Гигиена -- это очень важно. Понимаю.

Я вспомнил свой дурацкий порыв, заставивший меня взять Тага за руку. Кажется, это не принято! Откуда же у меня возникла мысль о допустимости такого жеста?

Надо выспаться. Надо отдохнуть, и завтра мир покажется мне понятнее и привычнее. Так будет происходить с каждым днем, я усвою мораль и нормы Родины, я стану своим, вновь займусь Регрессорством, Родина отыщет Алари и сведет их агрессивный потенциал к нулю. Когда-нибудь они станут нашими Друзьями.

Интересно, а те, похожие на нас, существа -- они тоже нуждаются в работе регрессоров? Или их хватит ума принять помощь добровольно? Я вымыл руки, потом, поколебавшись, решил начать правильную жизнь с первого же вечера, и стал разбираться в механизмах душа. Через несколько минут, дважды окатив себя водой, вначале ледяной, а потом кипятком, я справился и с этим. Разделся, как будто в этом еще оставалась необходимость, забрался в ванну и тщательно вымылся.

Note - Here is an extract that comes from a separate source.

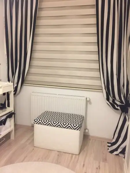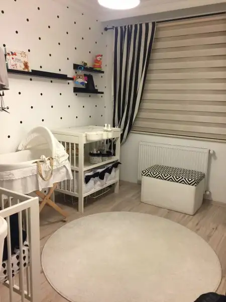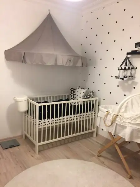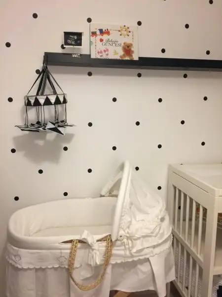 Bebegimin odasinda da arastirmalarim sonucu ogrendigim bebeklerin ilk 3 ay sadece siyah beyaz renkleri ve geometrik sekilleri gordugu, bu tur dekorasyonlarin zeka gelisimine olumlu etki ettigi... renkler guzel olunca odayi bastan sons siyah beyaz yaptik. Heryeri beyaza boyadik once. Sonra bir duvar icin kalip cikartip 1 tl ile siyah sticker dan yuvarlaklar kesip puantiyeli duvar yaptik. Perdeler, yatak tekstili yine tarafimdan dikildi:)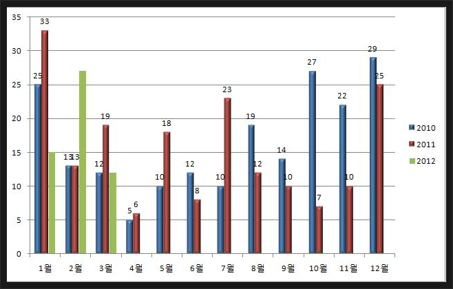 위의자료는 최근 3년간의 거래량을 도표화해서 나타낸 것입니다. 2월경에 거래량이 증폭되면

А вот аккуратно складывать мокрую одежду было глупо. Я раскидал ее на полках, так, чтобы просохла к утру, забрался под одеяло и уснул. Устал я так сильно, что даже крошечные размеры подушки мне не помешали.

Мне снился сон, типичнейший _сон-который-нуждается-в-обсуждении-с-Наставником_. Нехороший сон. В меня влезла какая-то амебоподобная, жидкая тварь, растеклась по телу, пустила щупальца в сердце и печень, затуманила своим ядом мозг...

Я валялся на неровной металлической плите, вокруг стояли кошмарные существа, а среди них человек, старик -- мой Наставник, хоть он и не был похож на Пера...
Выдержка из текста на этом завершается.